## Problem
The output should consist solely of the line containing "Ersatz Aare-Brücke bei Münsingen Belp" and the lines that follow it through the end of the data below.

## The data

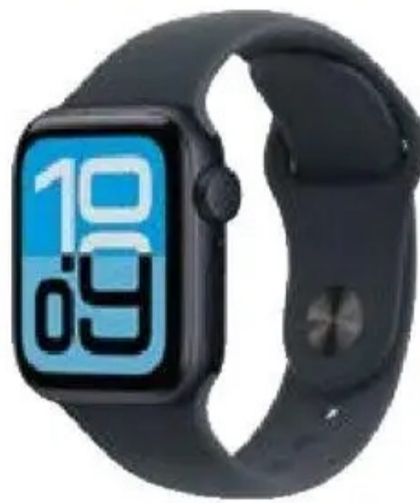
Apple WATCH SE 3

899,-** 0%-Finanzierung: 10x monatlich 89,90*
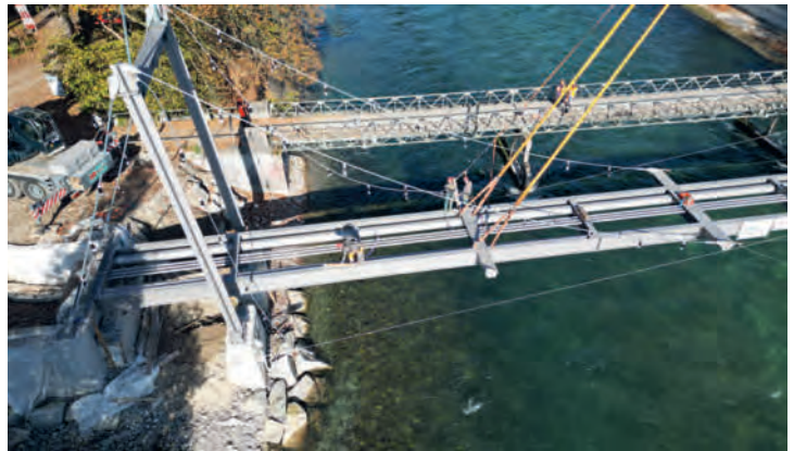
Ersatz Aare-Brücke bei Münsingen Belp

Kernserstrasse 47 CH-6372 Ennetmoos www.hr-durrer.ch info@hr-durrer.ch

## Answer space
Ersatz Aare-Brücke bei Münsingen Belp

Kernserstrasse 47 CH-6372 Ennetmoos www.hr-durrer.ch info@hr-durrer.ch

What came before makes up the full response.